I made: jam, pavlova with plum syrup, plum cake and pancakes with stewed plums. I snuck plums into pasta sauces. I spent two days searching the internet for the plum chutney recipe I made last year that was a hit and couldn't find it. So I settled on another and made a batch. And then I discovered last year's recipe. On my own blog. So I made some more. Monkey Man forbade me to do any more cooking because the weather was getting hot and he's a complete control freak about curtains and climate control in the house when it gets over 30º. In fact he's rather keen on the weather and is always telling me tedious facts about which direction the wind is blowing from and how cool it is in the front hall compared to outside according to our thermometer. He loves to check the weather radar and alert me when rain is coming. He gets very excited when he reckons a big storm is on the way. And he can't stand it when I do a cook up on a hot day.

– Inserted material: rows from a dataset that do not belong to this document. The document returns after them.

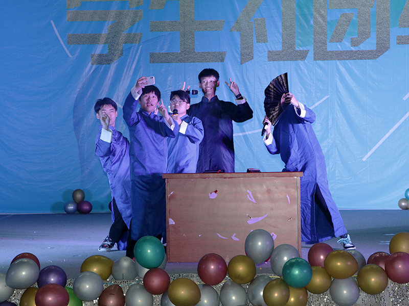 晚会在激情飞扬的舞蹈《a theme to the last days》中拉开了序幕,点燃了现场的氛围。演出节目内容丰富,形式多样,融歌曲、舞蹈、相声、小品、话剧等多种表演于一体。晚会开始前,礼堂座无虚席。其中小品《要爱,不要伤害》别具一格、匠心独运,演员幽默搞笑的演绎使全场观众掌声雷动,喝彩欢呼声不绝如缕。舞蹈《惊鸿一面》舞姿轻灵,身轻似燕,身体软如云絮,双臂柔若无骨,步步生莲般地舞姿,如花间飞舞的蝴蝶,如潺潺的流水,让人醉得无法自抑。刚健的跆拳道表演《跆风》展示的一招一式,一脚一拳都彰显了气势,掌声欢呼声不绝于耳。合唱《渴望光荣》告诉我们日月星辰是我们自强不息的笑容,苍穹大地是我们厚德载物的胸膛,绽放生命、愿光荣与梦想一起翱翔,晚会完美落幕。
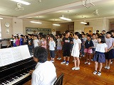 7月6日(金)夏祭りに向けて、全校で歌の練習を行いました。
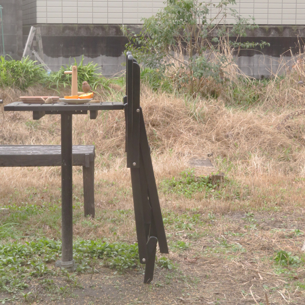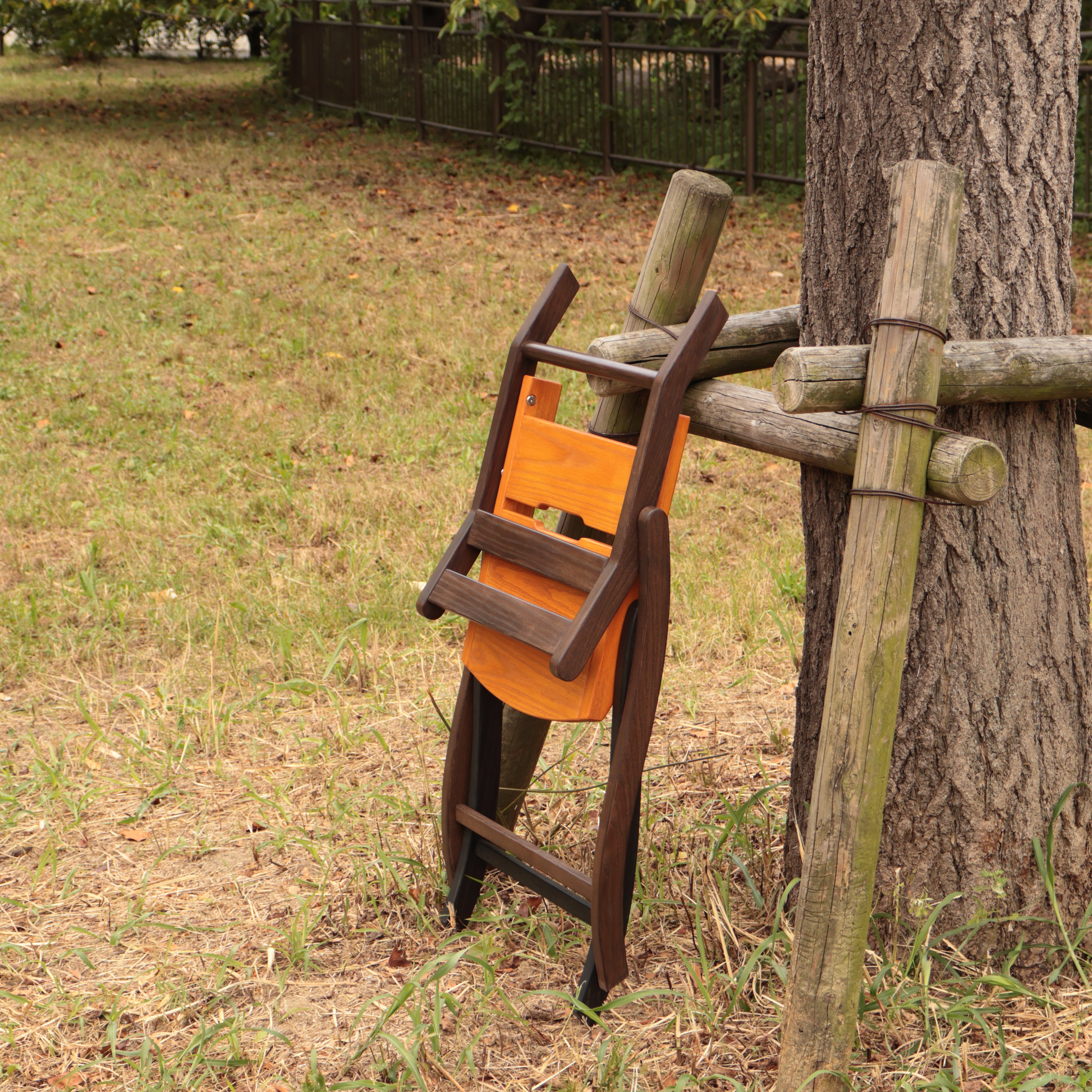 屋外の使用を想定した折り畳み式のチェア、もちろん屋内でも使用可能です。
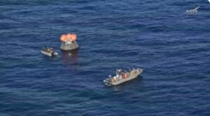 At the direction of the NASA recovery director, team members from the agency and the U.S. military now are approaching the spacecraft in inflatable boats.
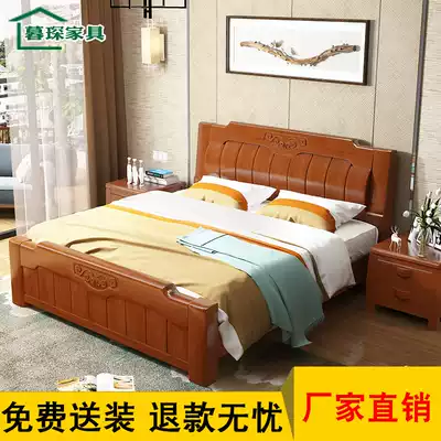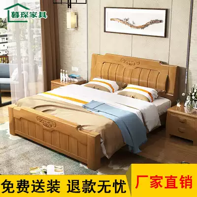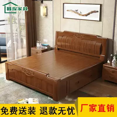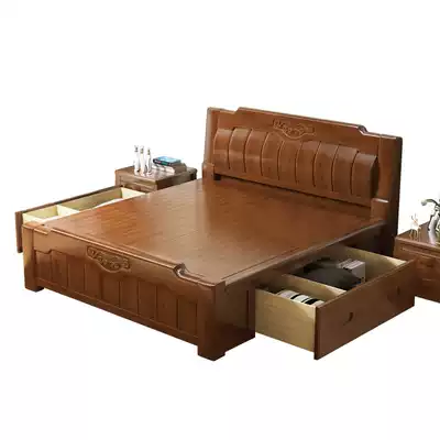 Modern Chinese full solid wood bed White 1 8m storage high box bed 1 5M modern simple oak double wedding bed
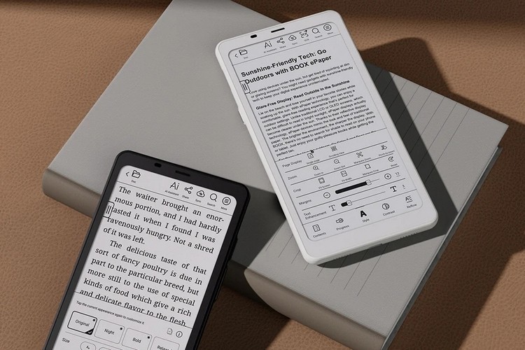 The device looks just like a modern smartphone but feels different thanks to its paper-like texture on the back that gives you an excellent grip. Note that despite its smartphone-like appearance, this device serves purely as an e-reader without any SIM functionality.
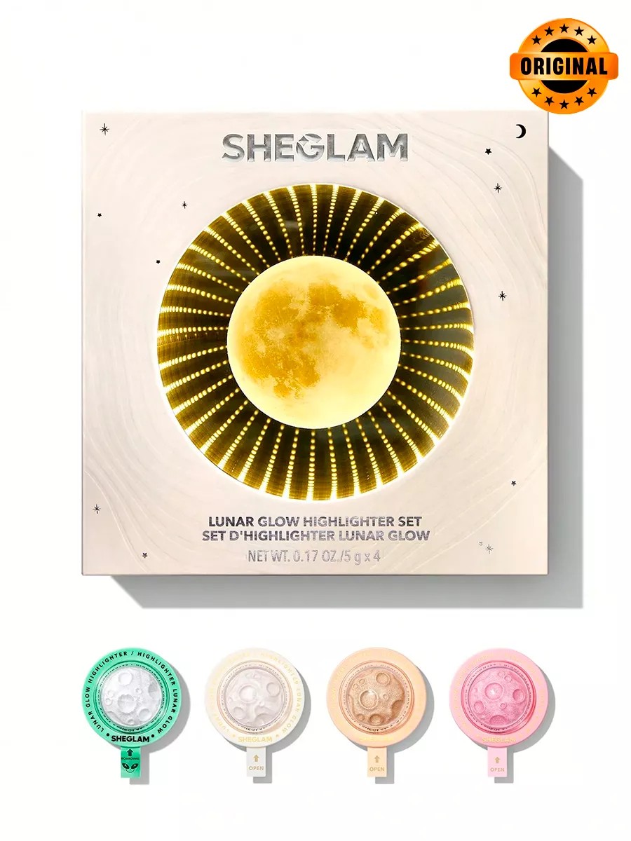 All your highlighter dreams are about to come true. Our Lunar Glow Highlighter Set features four dazzling pressed powder highlighters with a unique reflective sheen.
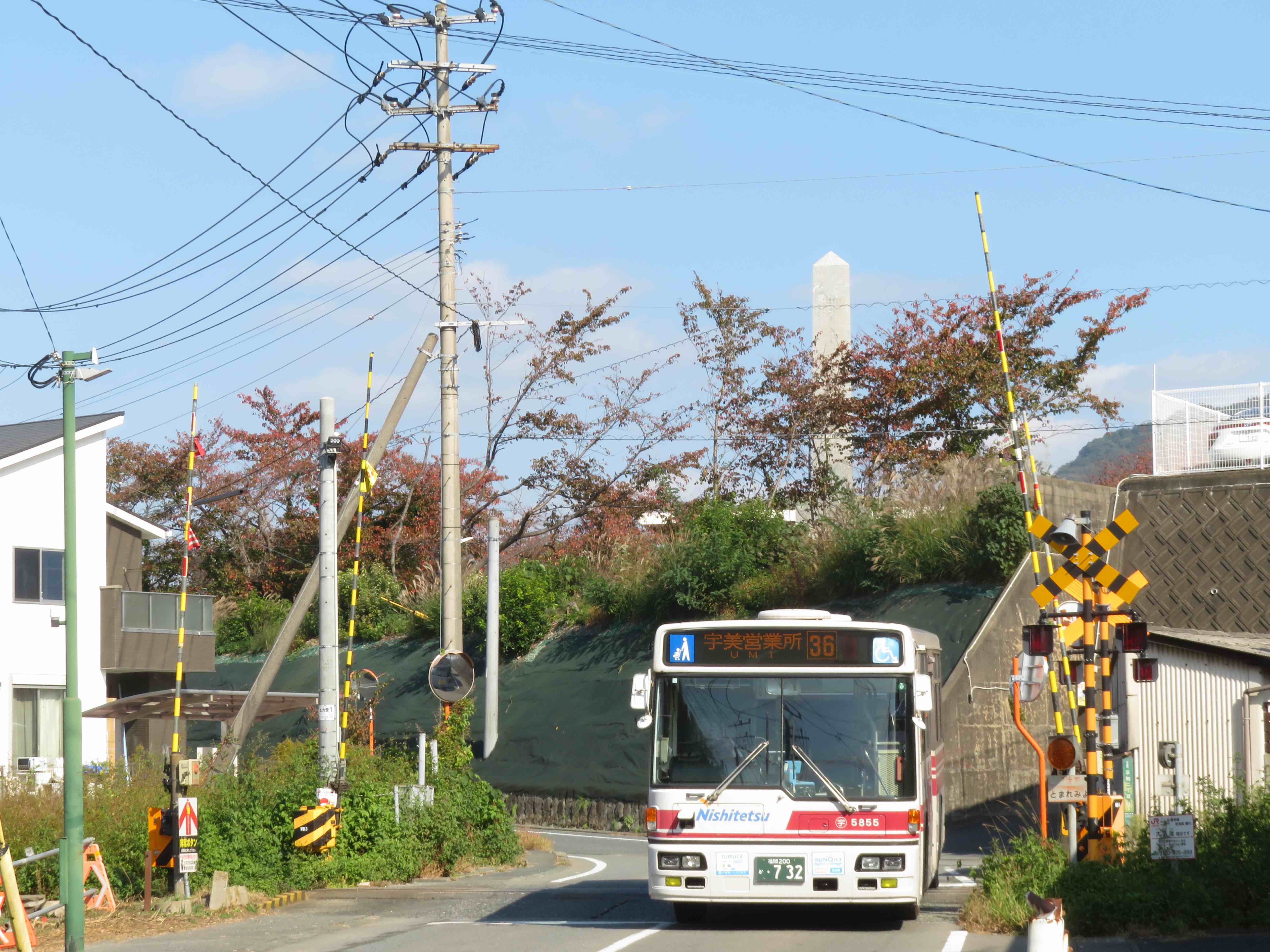 踏切を渡るバスシリーズ「江辻」【福岡県糟屋郡】

So I waited 'til he had a late gig and a sleep in and I cooked up some more jam and chutney.

We gave bags to all our neighbours and friends. I froze plums (thanks africanaussie) and I was about to stew some and pop them in the freezer when I discovered a big tub of poached plums... from last year. So I stopped.

I am sick to death of plums.
Plum picking

Elaborate pulley system erected by Littlest Monkey to collect plums
Plum cake



Oh, and we are heading for a top temperature of 40ºC here in Melbourne tomorrow so I'd better close up the house and plan for salads if I am to keep Monkey Man happy.